Why Skip Cloud API Keys?
Cloud-based AI code completion services send your code to external servers. This raises legitimate concerns around data privacy, especially when working with proprietary codebases. Additionally, reliance on external services means your completion workflow depends on internet connectivity and service availability.
Running AI code completion locally gives you complete control over your data. You can use the tools on airplanes, in secure facilities, or in regions with limited internet access. The upfront investment in hardware and setup pays off over time with no per-token costs.
CodeLLama (via Ollama)
Ollama has become the simplest way to run large language models locally. It supports CodeLLama, a model specifically designed for code generation and completion.
Setup
First, install Ollama on your system:
# macOS
brew install ollama
# Linux
curl -fsSL https://ollama.com/install.sh | sh
Pull the CodeLLama model:
ollama pull codellama
Neovim Integration
Use the completor plugin or configure nvim-cmp with a custom source. Here is a basic setup using nvim-cmp:
-- ~/.config/nvim/lua/plugins/cmp.lua
return {
"hrsh7th/nvim-cmp",
dependencies = { "hrsh7th/cmp-ollama" },
config = function()
local cmp = require("cmp")
cmp.setup({
sources = cmp.config.sources({
{ name = "ollama" },
}),
})
end,
}
You will need to configure the Ollama endpoint and model in your setup. This approach provides completions from a model running entirely on your machine.
CodeGeex
CodeGeex is an open-source code generation model maintained by the THUDM research group. It specializes in code completion and supports multiple programming languages.
Installation
CodeGeex can be deployed as a local server using the official implementation:
git clone https://github.com/THUDM/CodeGeeX
cd CodeGeeX
pip install -r requirements.txt
Run the server locally:
python codegeex/benchmark/api.py --port 8080
Neovim Integration
Connect Neovim using a custom completion source. You can use vim-go or write a simple Python script that interfaces with the API:
-- Simple example using an HTTP request
local function get_completion(prompt)
local http = require("socket.http")
local json = require("cjson")
local response = {}
local body = json.encode({
prompt = prompt,
max_length = 256,
})
local result = http.request({
url = "http://localhost:8080/completions",
method = "POST",
headers = {
["Content-Type"] = "application/json",
["Content-Length"] = #body,
},
source = ltn12.source.string(body),
sink = ltn12.sink.table(response),
})
return table.concat(response)
end
This requires additional Lua dependencies, but demonstrates the core approach.
CodeGen (Salesforce)
CodeGen was developed by Salesforce Research and is available in multiple sizes. The model excels at code generation tasks and can run locally through various frameworks.

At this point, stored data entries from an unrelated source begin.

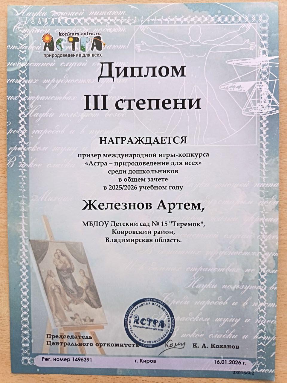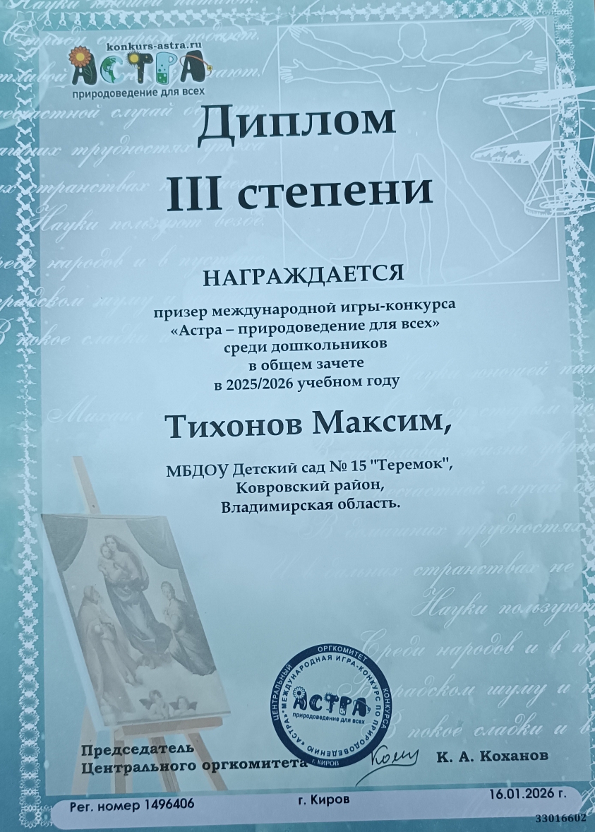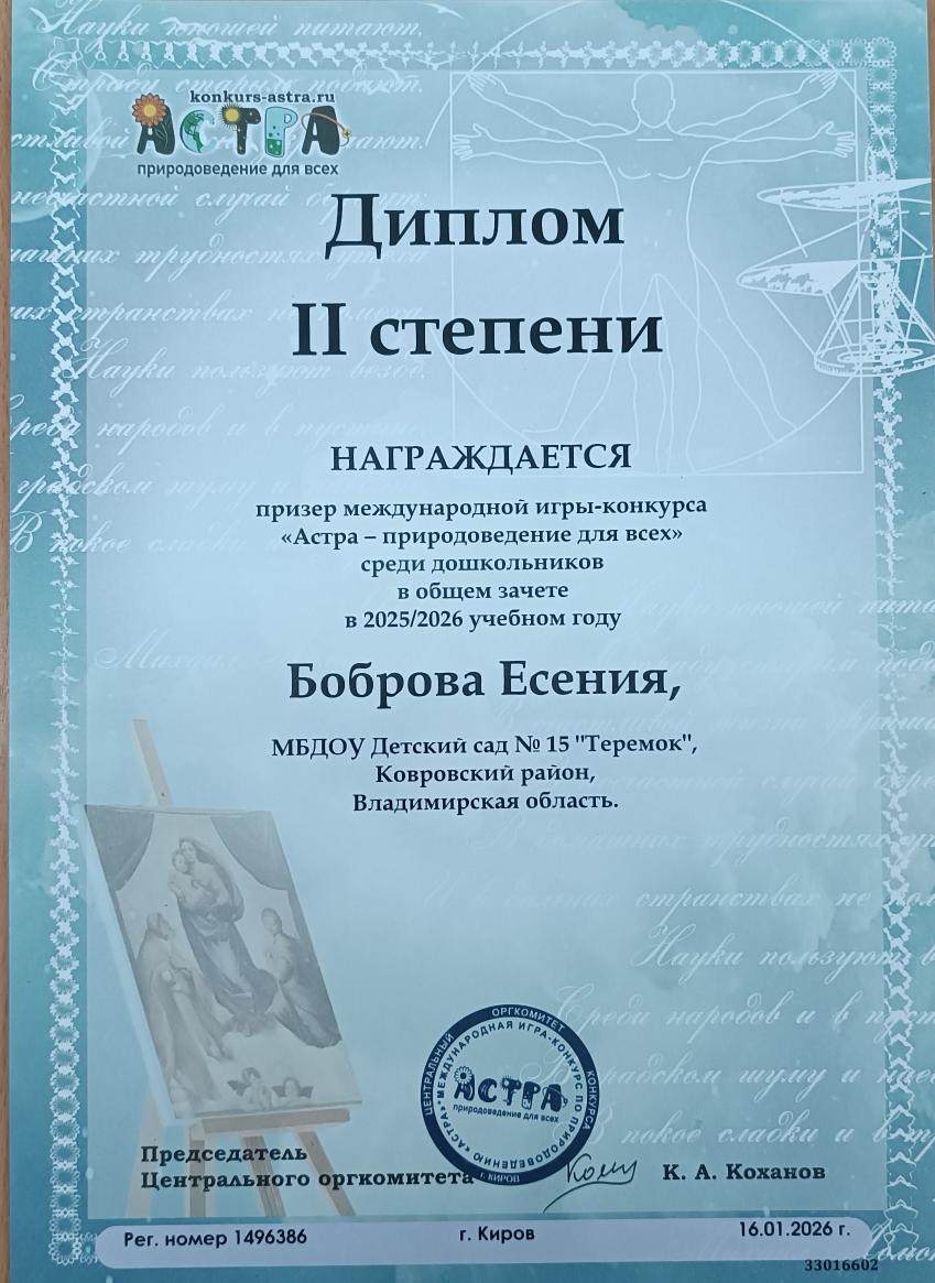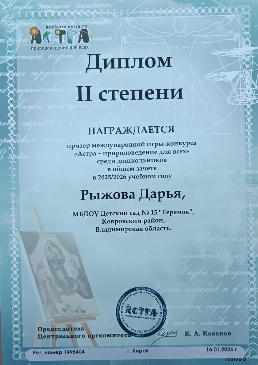 В конце ноября 2024 года наши воспитанники групп «Ручеек» и «Ягодка» приняли участие в международной игре -конкурсе среди дошкольников "Астра - природоведение для всех".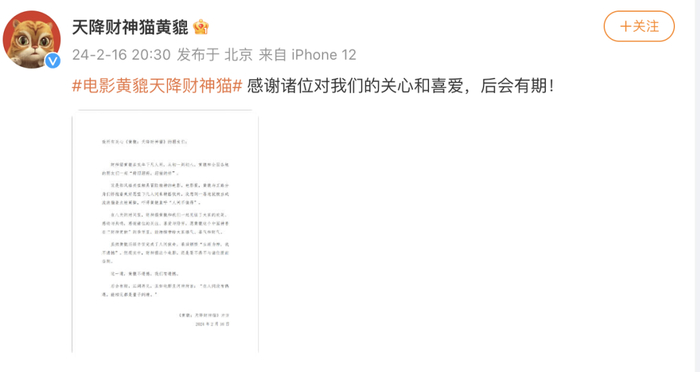 除了《红毯先生》,2月16日晚,电影《黄貔:天降财神猫》也宣布撤档,称“感谢诸位对我们的关心和喜爱,后会有期”。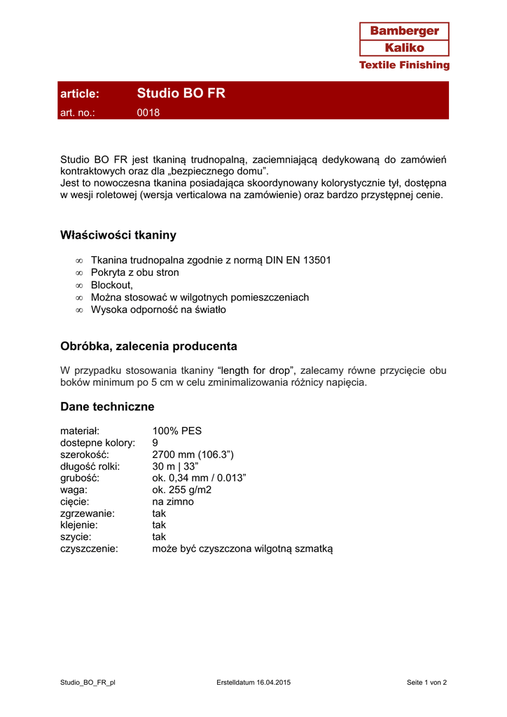 article: Studio BO FR art. no.: 0018 Studio BO FR jest tkaniną trudnopalną, zaciemniającą dedykowaną do zamówień kontraktowych oraz dla „bezpiecznego domu”. Jest to nowoczesna tkanina posiadająca skoordynowany kolorystycznie tył, dostępna w wesji roletowej (wersja verticalowa na zamówienie) oraz bardzo przystępnej cenie. Właściwości tkaniny • • • • • Tkanina trudnopalna zgodnie z normą DIN EN 13501 Pokryta z obu stron Blockout, Można stosować w wilgotnych pomieszczeniach Wysoka odporność na światło Obróbka, zalecenia producenta W przypadku stosowania tkaniny “length for drop”, zalecamy równe przycięcie obu boków minimum po 5 cm w celu zminimalizowania różnicy napięcia. Dane techniczne materiał: dostepne kolory: szerokość: długość rolki: grubość: waga: cięcie: zgrzewanie: klejenie: szycie: czyszczenie: Studio_BO_FR_pl 100% PES 9 2700 mm (106.3”) 30 m | 33” ok. 0,34 mm / 0.013” ok. 255 g/m2 na zimno tak tak tak może być czyszczona wilgotną szmatką Erstelldatum 16.04.2015 Seite 1 von 2 article: Studio BO FR art. no.: 0018 Dane optyczne Light fastness DIN 54004 reflection % transmission % absorption % 0018-001 weiss ≥5 76 0 24 0018-002 ecru ≥5 70 0 30 0018-003 natur ≥5 52 0 48 0018-005 taupe ≥5 18 0 82 0018-009 navy ≥5 8 0 92 0018-012 hellgrau ≥5 35 0 65 0018-013 dunkelgrau ≥5 9 0 91 0018-014 greige ≥5 33 0 67 0018-015 schwarz ≥5 5 0 95 Zakres testu RTA: Światło widzialne 400 - 700nm, testy na życzenie, urządzenie do badań: spectro fotometr. Produkt testowany zgodnie z normą DIN EN 410 (DIN 67507) po lewej stronie tkaniny. Dane techniczne to średnie wartości z różnych testów. Dane techniczne podane na tej karcie wykluczają odpowiedzialność producenta z tytułu wypłaty jakichkolwiek odszkodowań . Studio_BO_FR_pl Erstelldatum 16.04.2015 Seite 2 von 2

Running with Hugging Face Transformers
from transformers import AutoModelForCausalLM, AutoTokenizer
model_name = "Salesforce/codegen-2b-mono"

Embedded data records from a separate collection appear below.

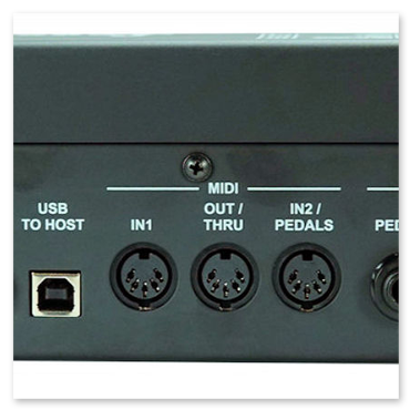- MIDI Midi In, Out, Thru, Out 1, Out 2, In, Thru, Pedalboard In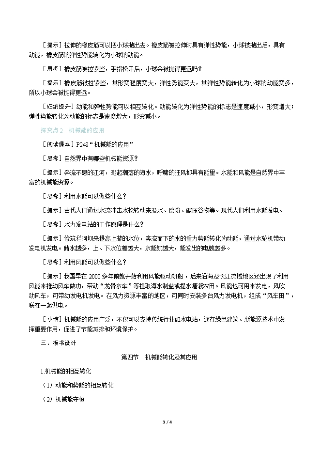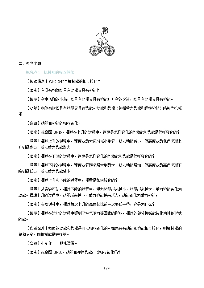 【内容简介】一、新课导入自行车是我们日常生活中经常使用的交通工具,我们使用自行车骑行上下坡的过程中,上坡和下坡时,人和自行车的能量状态如何变化? 二、教学步骤探究点1 机械能的相互转化[阅读课本]P246~247“机械能的相互转化”[思考]有没有物体既具有动能又具有势能?[提示]空中飞翔的小鸟,既具有动能又具有势能;升空的火箭,既具有动能又具有势能。[小结]物体有时既具有动能又具有势能。动能和势能(包括重力势能和弹性势能)统称为机械能。[实验]动能和势能的相互转化。[思考]观察图10⁃19,摆球在上升的过程中,速度是怎样变化的?动能和势能是怎样变化的?[提示]摆球上升的过程中,速度从最大逐渐减小到零,所以动能减小;但高度从最低点逐渐上升到最高点,所以重力势能增大。[思考]摆球在下降的过程中,速度是怎样变化的?动能和势能是怎样变化的?[提示]摆球下降的过程中,速度从零逐渐增大到最大,所以动能增加;但高度从最高点逐渐下降到最低点,所以重力势能减小。[思考]摆球上升和下降的过程中,能量是如何转化的?[提示]从实验可知,摆球下降的过程中,重力势能越来越小,动能越来越大,重力势能转化为动能。摆球上升的过程中,动能越来越小,重力势能越来越大,动能转化为重力势能,[思考]实验过程中,摆球每次上升的高度都比前一次要低一些,这是为什么?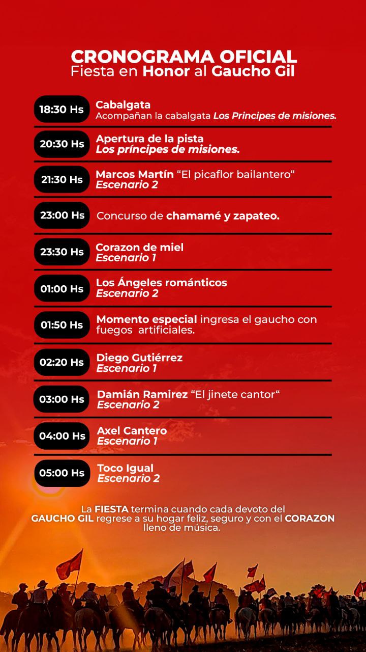 La celebración incluirá además cabalgata, fuegos artificiales y expresiones tradicionales que reflejan la profunda devoción al Gaucho Gil. Como cada año, la fiesta concluirá cuando cada peregrino regrese a su hogar “feliz, seguro y con el corazón lleno de música”, luego de vivir una noche única en El Co’ẽmba, punto de encuentro de la fe y la cultura popular correntina.

tokenizer = AutoTokenizer.from_pretrained(model_name)
model = AutoModelForCausalLM.from_pretrained(model_name)
def complete_code(prompt):
inputs = tokenizer(prompt, return_tensors="pt")
outputs = model.generate(**inputs, max_new_tokens=50)
return tokenizer.decode(outputs[0])
For Neovim integration, wrap this Python script in a VimEx command or use the completor framework to create a custom source.
StarCoder
StarCoder is a code-focused language model developed by BigCode. It was trained on permissively licensed code from GitHub, making it a responsible choice for commercial projects.
Quick Start with llama.cpp
For running StarCoder efficiently on consumer hardware, use the quantized version with llama.cpp:
# Download the quantized StarCoder model
wget https://huggingface.co/TheBloke/StarCoder-GGML/resolve/main/starcoder-q4_0.gguf
# Run with llama.cpp
./main -m starcoder-q4_0.gguf --n-gpu-layers 1 -c 2048
Configure your Neovim completion plugin to query this local endpoint. The setup requires more configuration than Ollama but provides more control over the model behavior.
Qwen2.5-Coder
Qwen2.5-Coder (from Alibaba’s Qwen team) emerged as a strong contender in late 2025. The 7B and 14B variants perform competitively with CodeLLama 34B on most benchmarks while running comfortably on consumer hardware.
Setup via Ollama
ollama pull qwen2.5-coder:7b
Then configure your completion source to use qwen2.5-coder as the model name. The model has notably better instruction-following for fill-in-the-middle (FIM) tasks than earlier Qwen iterations, which translates to more accurate inline completions rather than pure next-token generation.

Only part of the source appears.